A: The summit focuses on policy making and institutional adoption. The agenda covers discussions on crypto policy in the White House and capital allocation by institutions such as Fidelity and Citibank. These high-spec institutional dialogues themselves are a signal of Solana ecosystem maturity, but their real impact on the market depends on whether specific policy rollouts occur after the summit or whether institutional products are introduced.

Q: How will the future competitive landscape between Solana and Ethereum L2 evolve?

A: Competition between the two chains is shifting from a contest of technical parameters to division of ecosystem roles. Solana is expected to continue expanding in high-frequency trading, consumer-level applications, and RWA tokenization; Ethereum L2 may maintain advantages in complex DeFi composability, asset diversity, and an institutional-grade clearing and settlement layer. The two may not be a zero-sum game; complementary division and cooperation is also possible.

Q: How should we rationally view the TVL closeness as a data signal?
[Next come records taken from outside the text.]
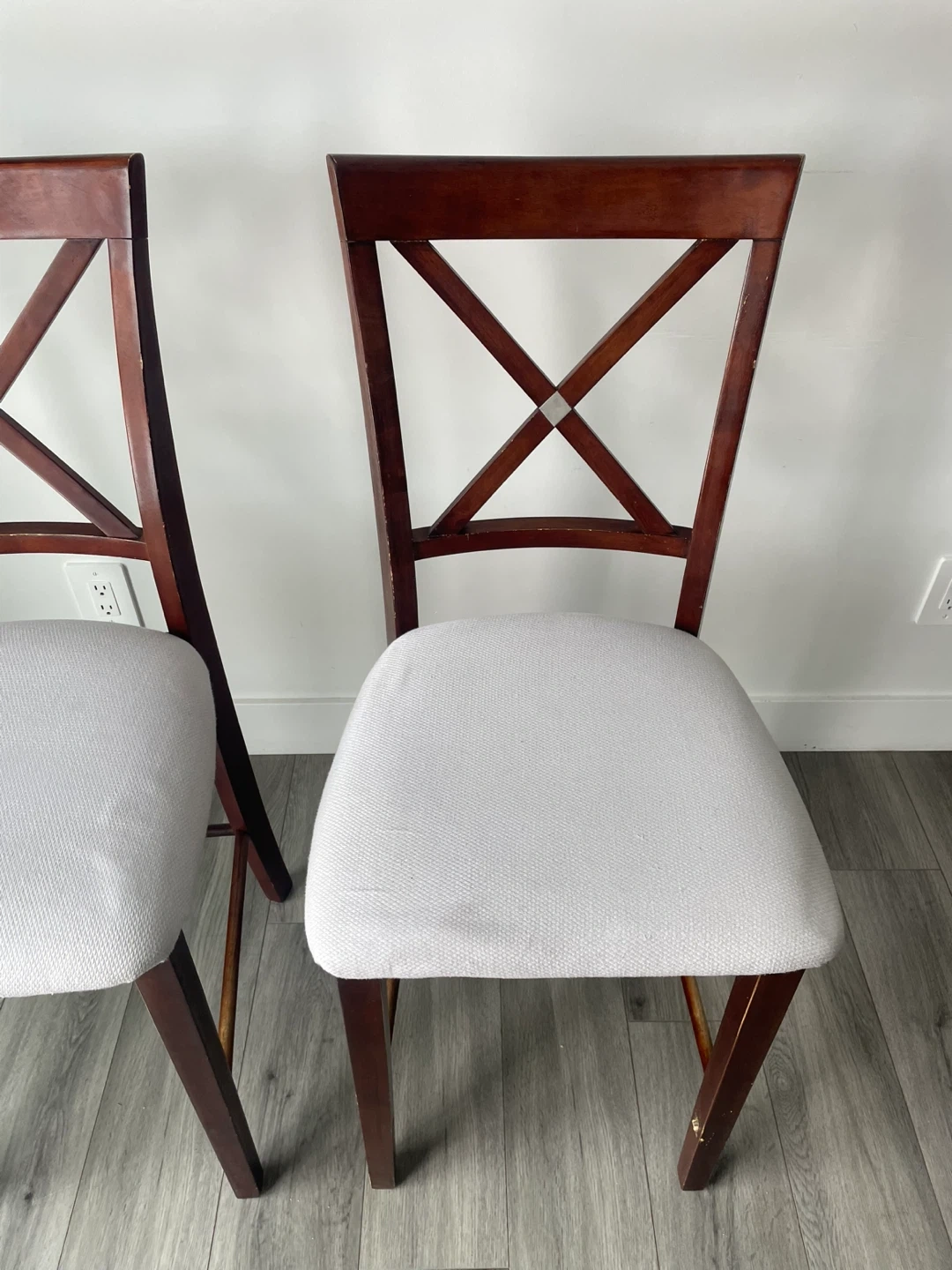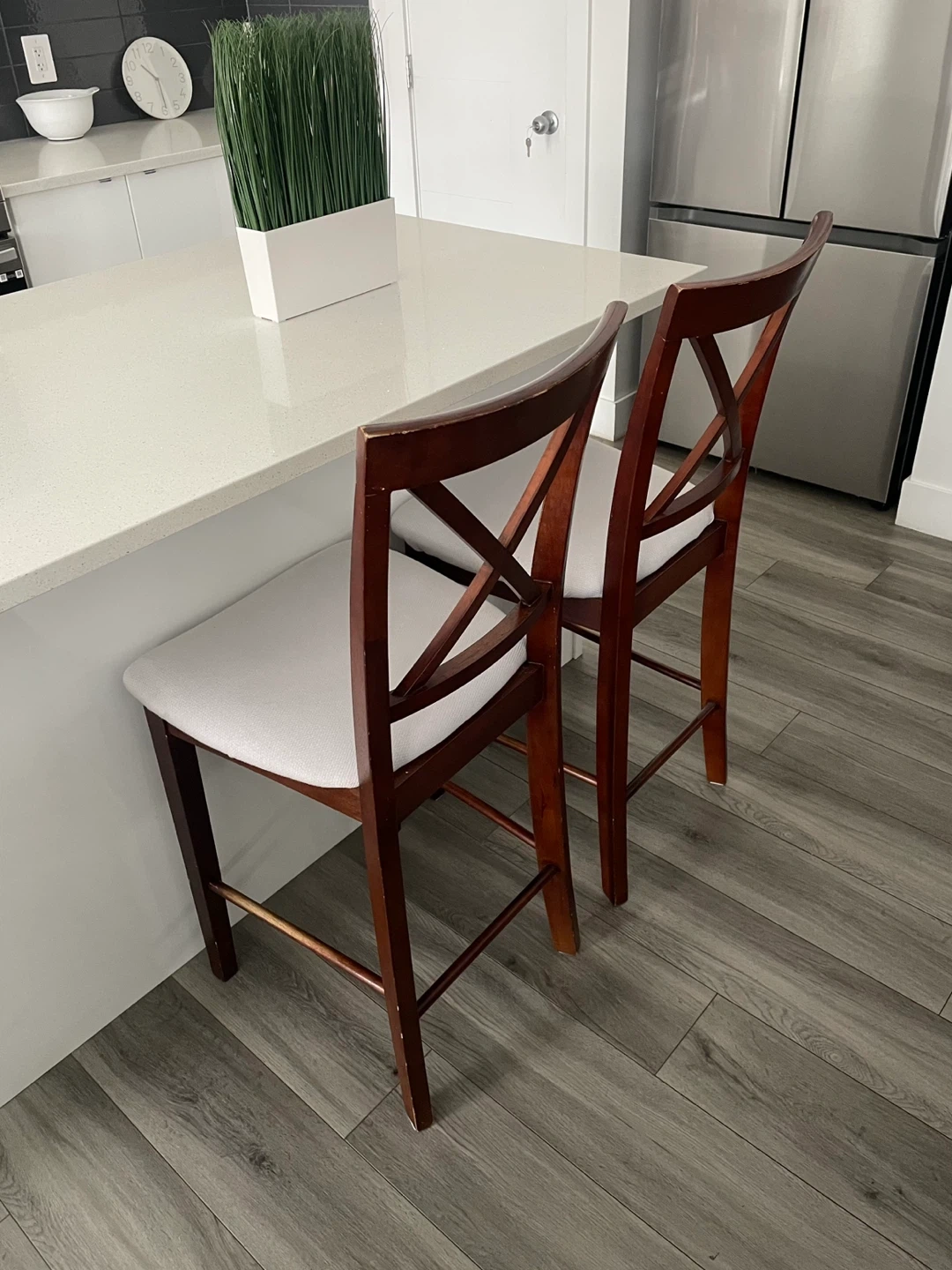 ($40 For Both) Set of 2 Bar/Counter Chairs. In Good Condition Has Some Wear. Wooden Frame & Cushion Seats. The Seats Have Been Re-Upholstered.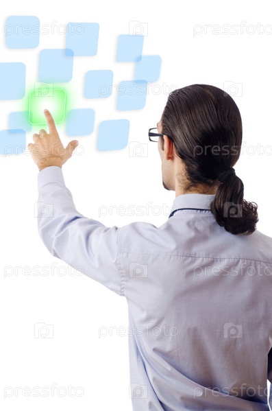 Бизнесмен нажимает на виртуальную кнопку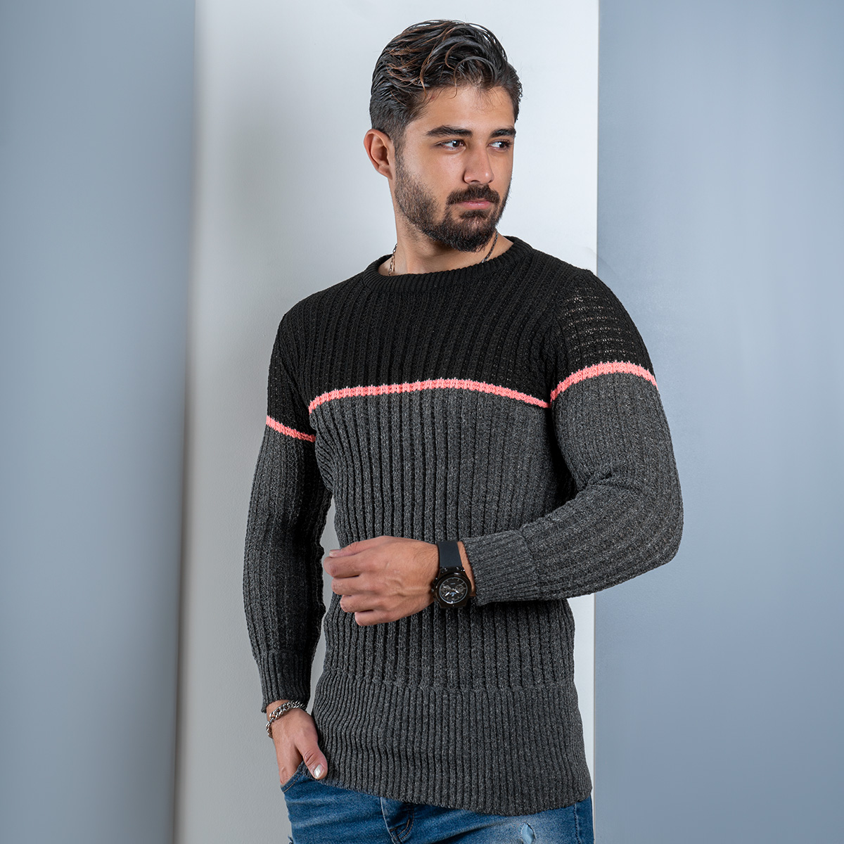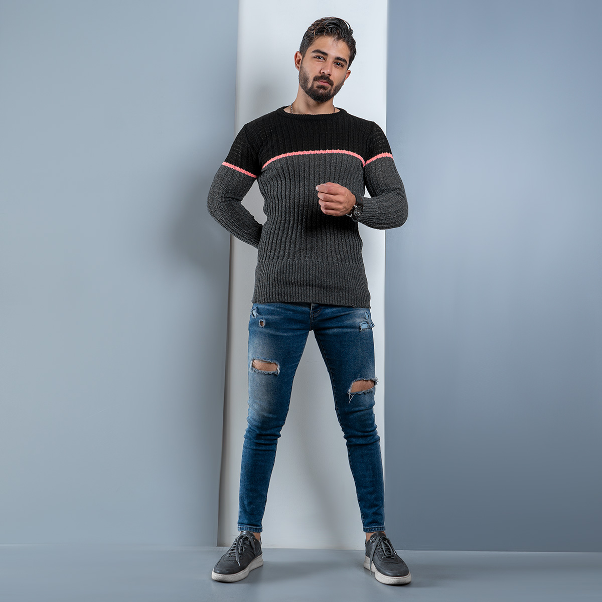 پلیور اندامی (T) ذغالی مشکی مردانه مدل Adnan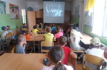 6 июля ребята пришкольного лагеря ходили в кинотеатр.Перед просмотром мультфильма сотрудниками ГИБДД была проведена беседа по правилам дорожного движения.После обеда воспитатели лагеря провели беседу на тему «Сохраним природу во всей ее красе», далее ребят ждала викторина «Природа -наш дом».

A: TVL closeness is an objective reflection of activity in the Solana DeFi ecosystem, but it does not mean the two chains’ overall competitiveness is on par. Significant differences still exist across dimensions such as the scale of secured assets, the scale of the developer ecosystem, and liquidity diversity. Investors should view TVL as an “activity indicator” rather than an “overall strength indicator,” and avoid over-interpreting the signal from a single metric.